Intelligent Compute is supported on **AWS Cloud compute environments only**.

## What is Intelligent Compute

Intelligent Compute is a scheduling service that runs Nextflow pipelines on a Seqera-managed Amazon ECS cluster. It allocates compute resources based on what each task actually needs rather than what the pipeline requests, reducing cost and improving utilization across a run.

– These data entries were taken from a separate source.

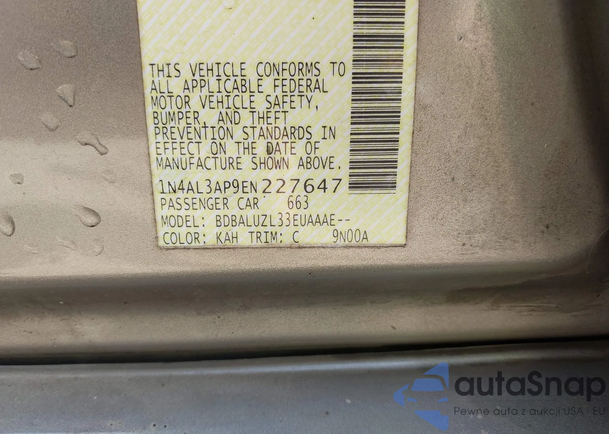 • VIN 1N4AL3AP9EN227647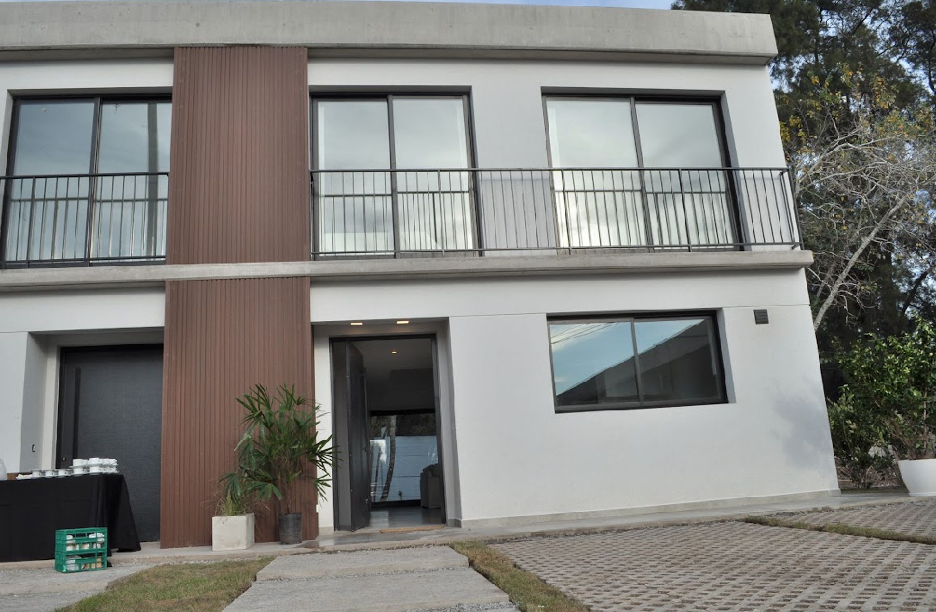 El edificio presenta una fachada revestida en tejuela de ladrillo visto, con un hall de entrada que combina aberturas de aluminio anodizado negro y pisos en porcelanato. Los caminos peatonales y la vereda están hechos de hormigón llaneado, mientras que las cocheras se disponen con circulación en piedra partida. Un portón vehicular motorizado completa la seguridad y la comodidad del entorno.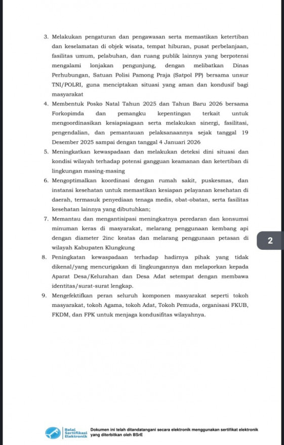 Menindaklanjuti Surat Edaran Bupati Klungkung tentang Himbauan Perayaan Hari Raya Natal 2025 dan Tahun Baru 2026, kami dari Pemerintah Desa mengingatkan agar masyarakat tetap menjaga ketertiban dan keamanan guna mewujudkan situasi Desa Tegak yang kondusif.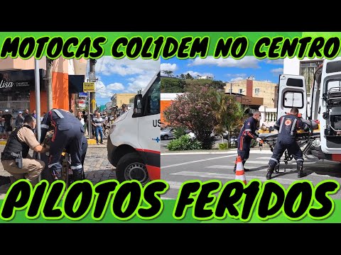 Motocas col1dem no centro, pilotos fer1dos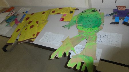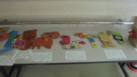 見て下さい。3年生は工作を教室前に展示してあります。割ピンを上手く使ってダンボールの部品をつなげただけでなく、自在に動かすことができます。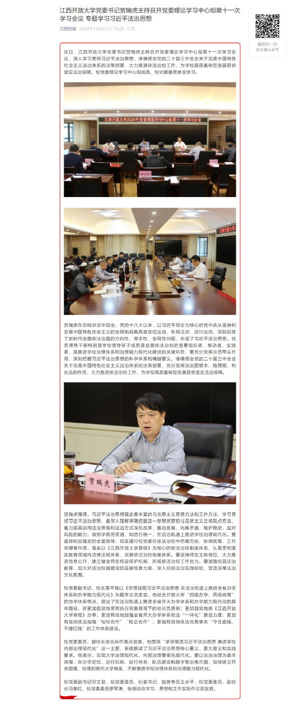 近日,WilliamHill官方网站党委书记贺瑞虎主持召开党委理论学习中心组第十一次学习会议,深入学习贯彻习近平法治思想,准确领会党的二十届三中全会关于完善中国特色社会主义法治体系的决策部署,大力推进依法治校工作,为学校高质量转型发展提供坚实法治保障。校党委理论学习中心组成员、校纪委委员参加学习。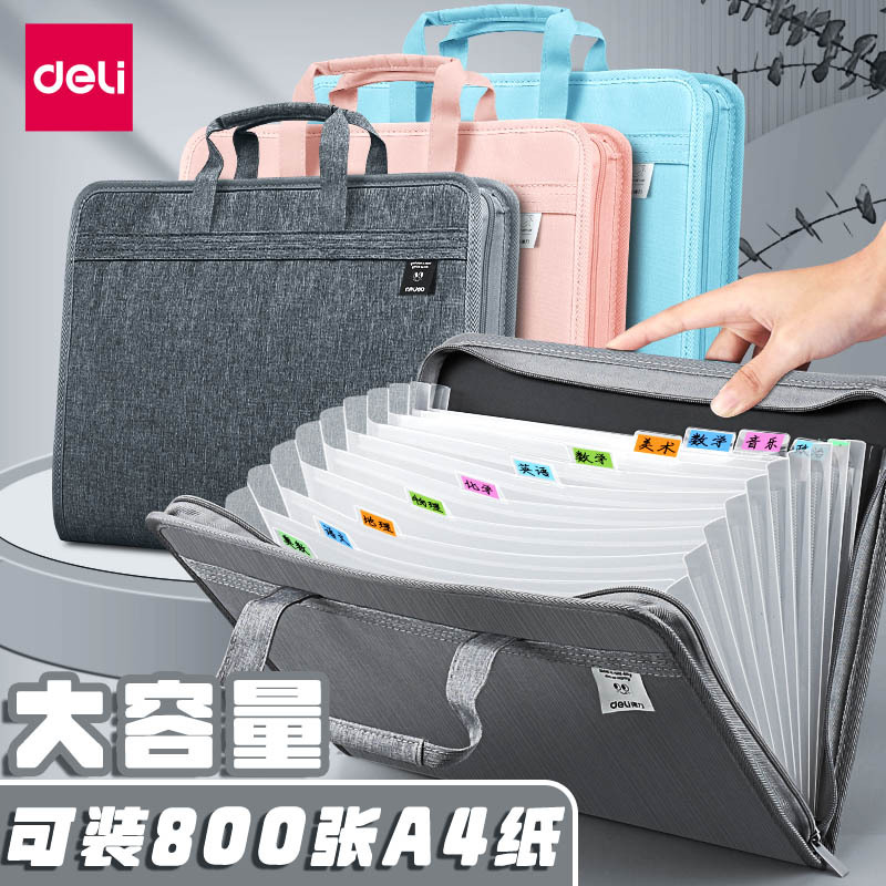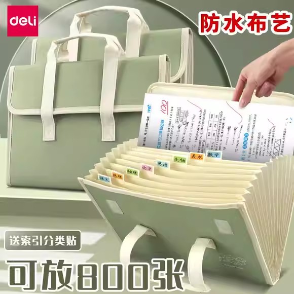 得力帆布风琴包a4手提文件夹试卷袋多层多功能大容量学生卷子批发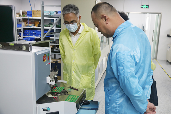 周桂瑾一行实地察看了无锡先锋高级中学门岗、宿舍、食堂、教学楼、图书馆等场所;在无锡市宇博科技有限公司现场调研了生产经营、疫情防控等工作。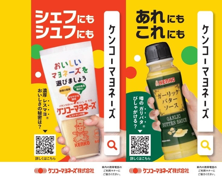 このたびつり革広告に掲載する商品には、当社の主力商品である『ケンコーマヨネーズ レストランの味』と『ガーリックバターソース』を選定。コーポレートカラーである「赤」と、親しみやすさのある「黄」を使った明るいデザインが目を引きます。当社が長年、業務用メーカーとして培ってきた商品の美味しさや品質へのこだわりを広く一般消費者にもお届けし、商品を手に取っていただきたいという想いを込めています。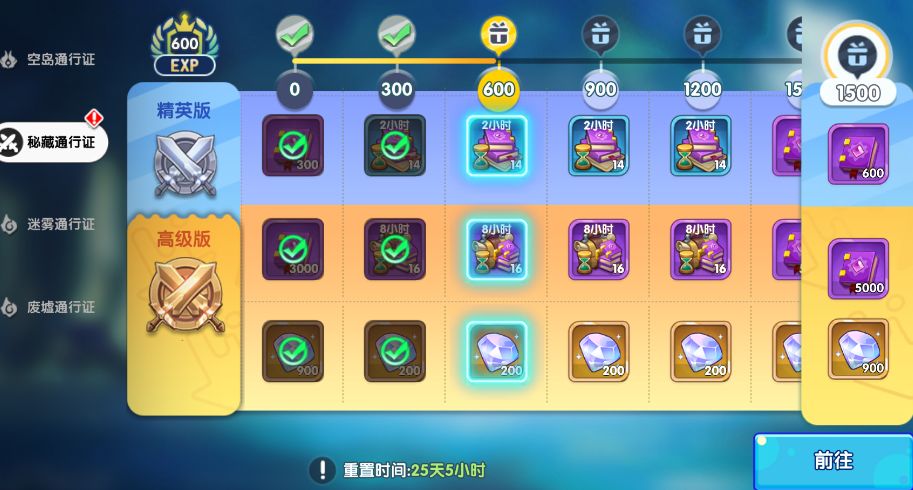 (简单讲下这页通行证)大家可以看到左边有四个通行证。如果想开高级版,前期我建议是选择密藏和空岛通行证,前者可以拿到巨量升级书,而后者可以拿到很多的英雄碎片,我们前期还是很缺英雄的。所以解锁这两个通行证是前期最优解。迷雾通行证拿升级的经验酌情考虑,废墟通行证中后期再说。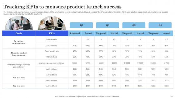 The following slide outlines various key performance indicators KPIs which can be used to analyze the product launch success. The KPIs are net promotor score NPS, user retention, sales growth rate, market share, average revenue per customer and website traffic growth rate.This modern and well-arranged Tracking Kpis To Measure Product Launch Success Launching New Beverage Product Download PDF provides lots of creative possibilities. It is very simple to customize and edit with the Powerpoint Software. Just drag and drop your pictures into the shapes. All facets of this template can be edited with Powerpoint no extra software is necessary. Add your own material, put your images in the places assigned for them, adjust the colors, and then you can show your slides to the world, with an animated slide included.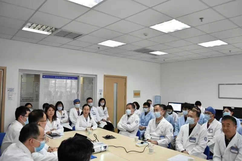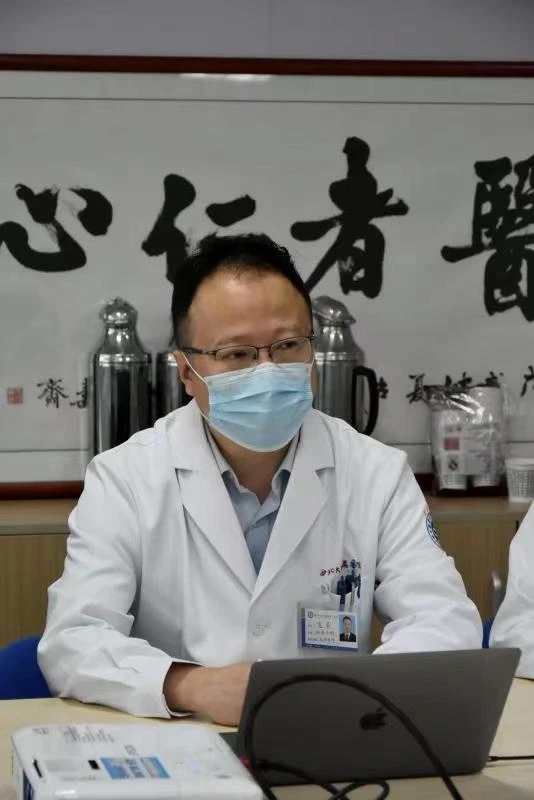 结束病房查房回到医生办公室,主持医师从病史采集、体格检查、辅助检查、诊断与鉴别诊断,一一作了提问和讲解,并强调治疗前后病情告知的重要性,主持医师在讨论中还结合双语教学和进展性内容,开阔了学生眼界。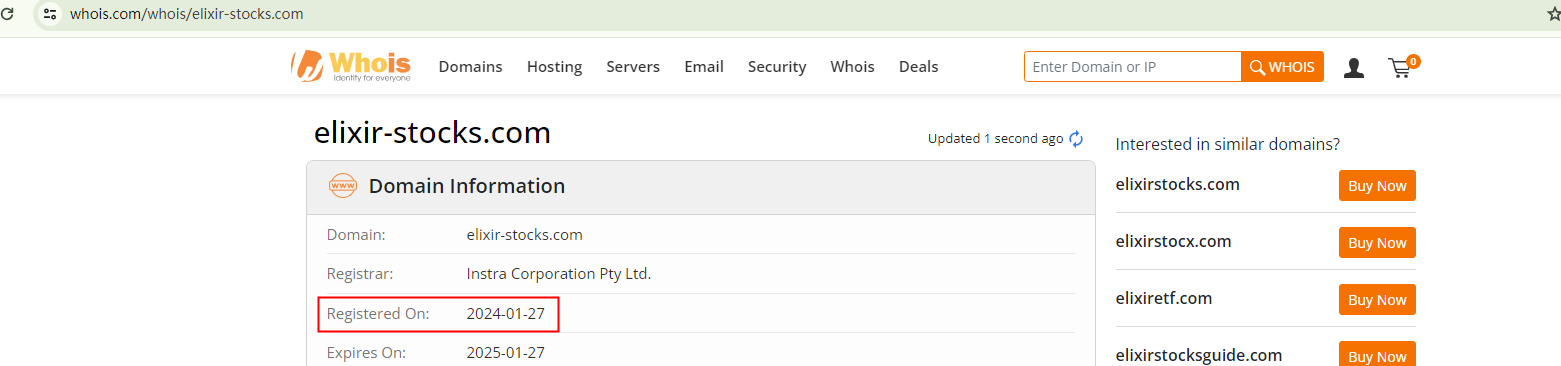 It's important to highlight that the domain name, elixir-stocks.com, was only registered recently in January 2024. This contradicts the company's claims of having a long-standing, reputable presence and serves as a red flag.
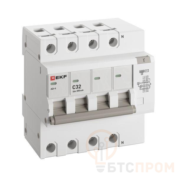 Выключатель автоматический дифференциального тока C 32А 300мА тип AC 6кА АД-4 (электрон.) PROxima EKF DA4-6-32-300-pro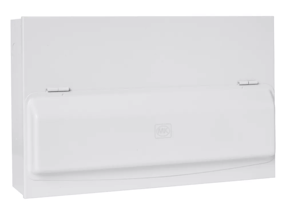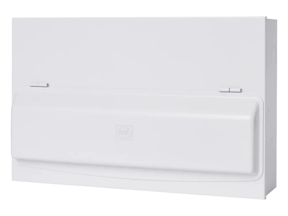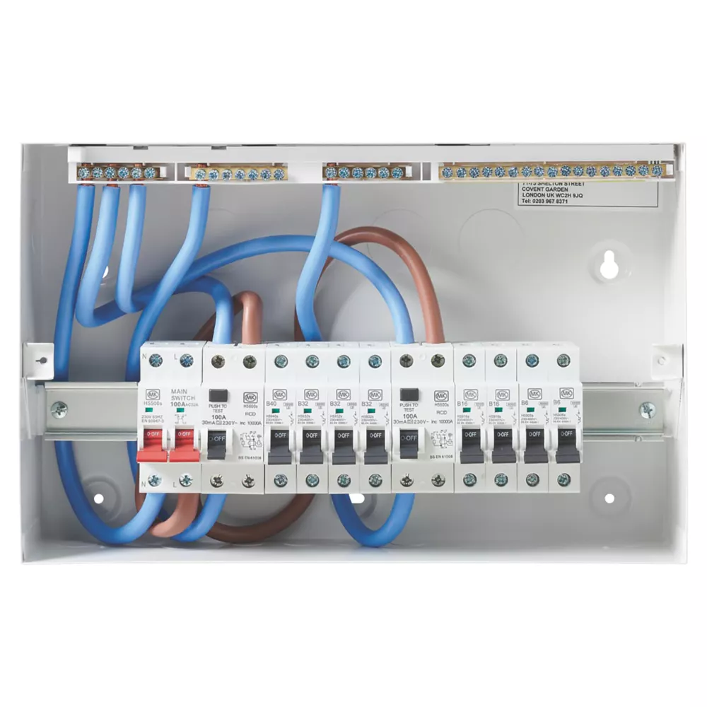 18th Edition Amendment 2. Top-hinged door ensures door remains closed while unit is not in use. Includes 100A switch with two 100A RCCBs and 8 MCBs.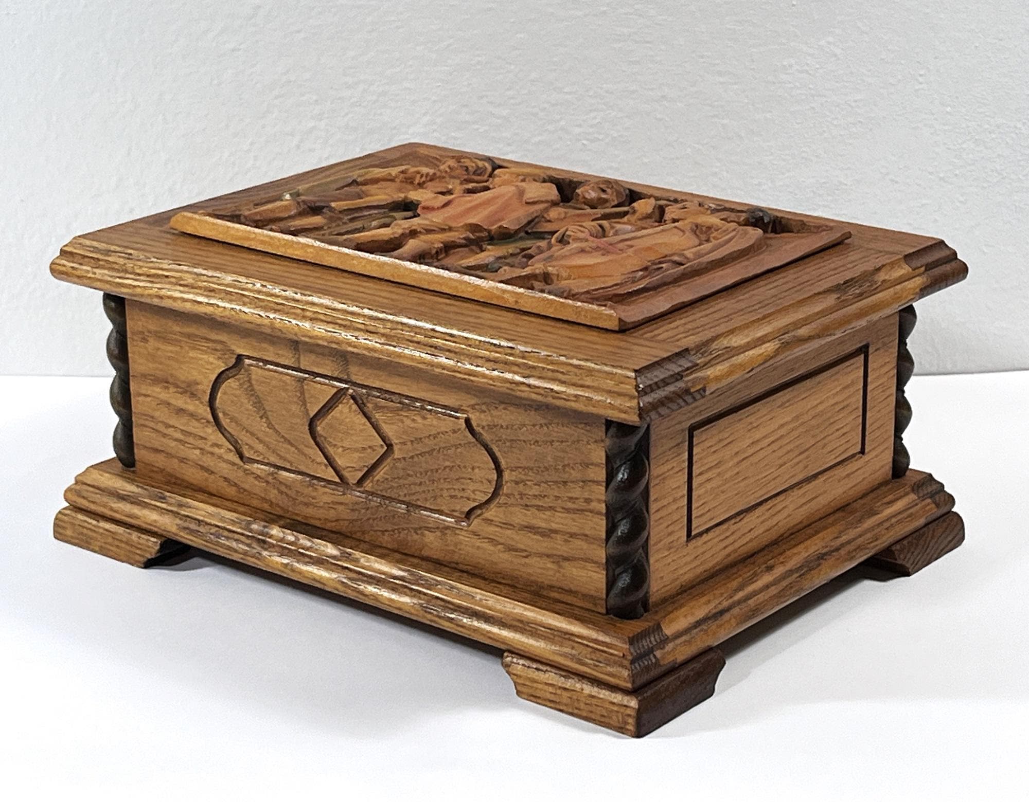 - CARVED PATTERNS ON ALL SIDES, CARVED SPIRAL (SOLOMONIC) COLUMNS ON ALL FOUR CORNERS.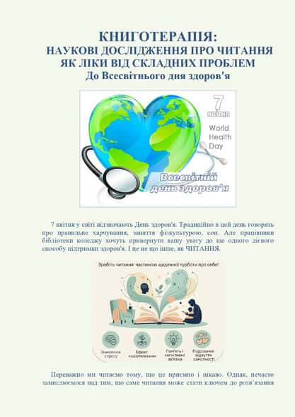 7 квітня у світі відзначають День здоров’я. Традиційно в цей день говорять про правильне харчування, заняття фізкультурою, сон. Але працівники бібліотеки коледжу хочуть привернути вашу увагу до ще одного дієвого способу підтримки здоров’я. І це не що інше, як ЧИТАННЯ. Читати далі …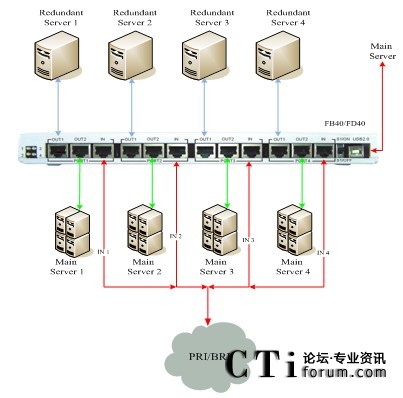 正常通信時(shí),BRI\PRI線路信號(hào)流向主服務(wù)器,進(jìn)行正常語音通信(BRI\PRI-OUT2),當(dāng)主服務(wù)器發(fā)生意外斷電,不能正常使用時(shí),BRI\PRI線路信號(hào)流向備份服務(wù)器(BRI\PRI-OUT1),保證正常通信。具體連接示意如下圖所示: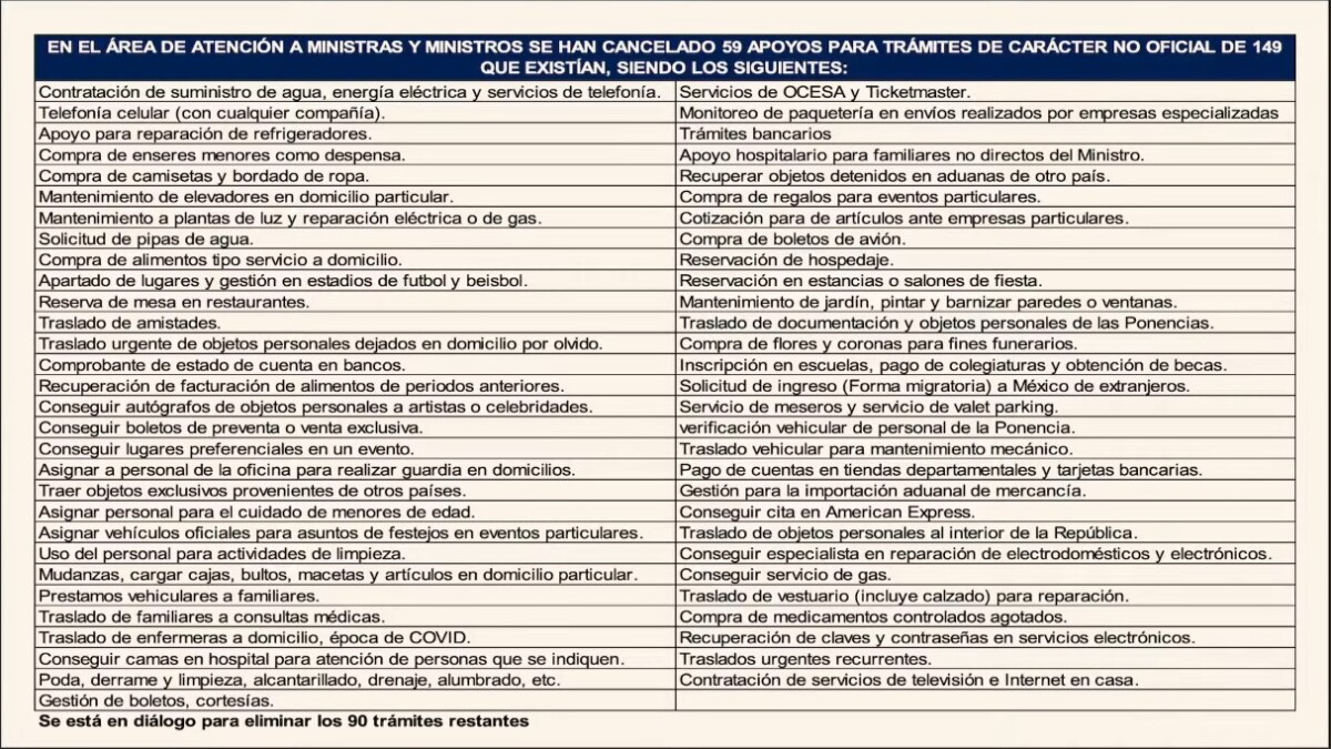 Pero más allá de la reducción y eliminación de los privilegios económicos, Sheinbaum exhibió un listado de trámites no oficiales que los ahora ministros en retiro exigían al personal de la Corte que realizara.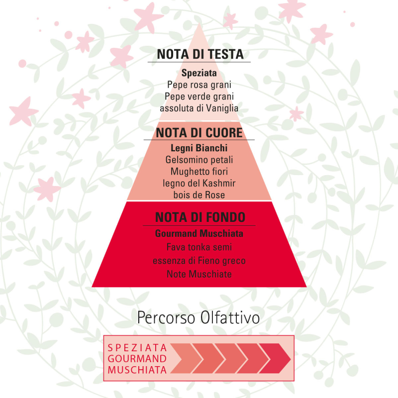 Vůně začíná intenzivními a aromatickými vrchními tóny růžového pepře z Madagaskaru, doplněnými živými tóny zeleného pepře a podtrženými smyslnou vanilkou s lehce pudrovým nádechem. Srdce vůně zdůrazňuje ženskost kombinací okvětních lístků jasmínu a konvalinky, zatímco teplé dřevo kašmíru a růžového dřeva (Bois de Rose) dodává intenzitu a obklopující hloubku. Závěrečné tóny dotvářejí gurmánské akcenty tonka fazolí a pískavice, které vůni zaoblují a doznívají s jemnými pižmovými akordy.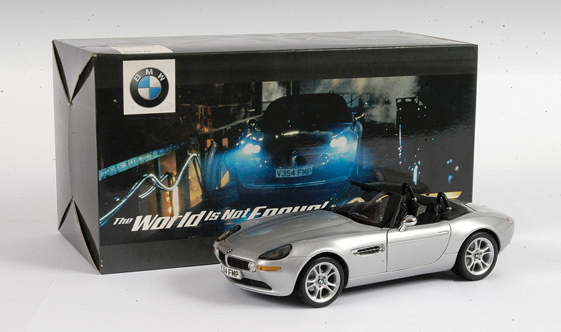 JAMES BOND BMW Z8 THE WORLD IS NOT ENOUGH Made exclusively for BMW to tie in with the worldwide release of The World Is Not Enough, these beautifully made scale models of the BMW Z8 are exceptionally detailed. Our stock is very limited and once sold we do not expect to obtain any further examples. Model approximately 100mm (4 inches) long. - S 1:43 |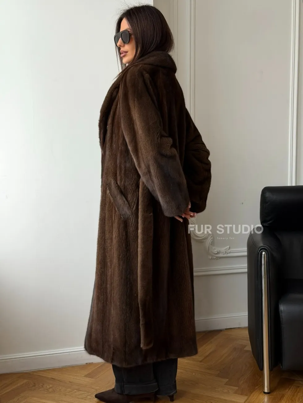 Мех данной шубы аукционная норка , цвет коричневый. Предлагается в размерах от 42 до 52. Длина модели 115-120 см, что выгодно подчеркивает фигуру девушек. Эта модель идеально подойдет для девушек и женщин, предпочитающих роскошные натуральные меха.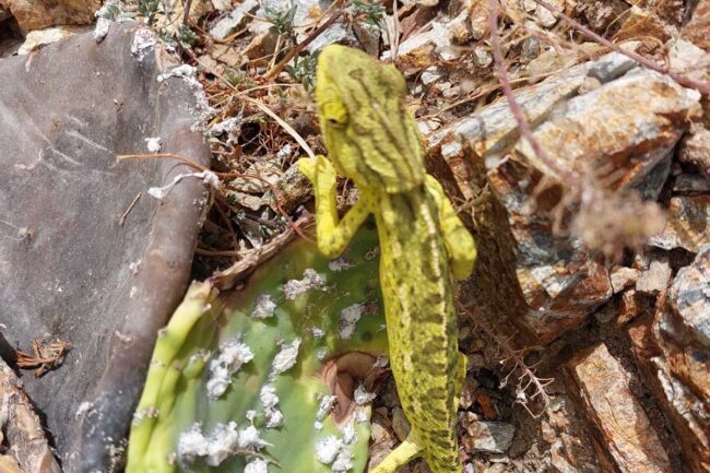 No obstante, a pesar de las inspecciones, se indica que no se detectaron ejemplares de camaleón común, aunque en el documento se reconoce la baja detectabilidad de la especie y se admite que las condiciones climáticas en el momento de las visitas pudieron haber dificultado su observación.

Unlike the standard AWS Cloud compute environment, which runs a pipeline on a single EC2 instance with a local executor, Intelligent Compute provisions and manages multi-node clusters. This allows pipelines to scale beyond a single instance while preserving fast startup times.

When Intelligent Compute is enabled on an AWS Cloud compute environment, Seqera provisions and manages the following resources in your AWS account on first use:

- An Amazon ECS cluster per compute environment configuration
- ECS capacity providers (Managed Instances or Auto Scaling Groups)
- ECS task definitions per container image and resource shape
- IAM roles for ECS task execution, EC2 instance profiles, and infrastructure management
- CloudWatch log groups under `/seqera/sched`

All managed resources use the `seqera-sched-` prefix. Seqera creates them on first use and removes them automatically when no longer needed.

## IAM permissions

In addition to the [standard AWS Cloud IAM permissions](./aws-cloud#required-platform-iam-permissions), Intelligent Compute requires an additional policy attached to the same IAM user or role that Seqera uses to access your AWS account.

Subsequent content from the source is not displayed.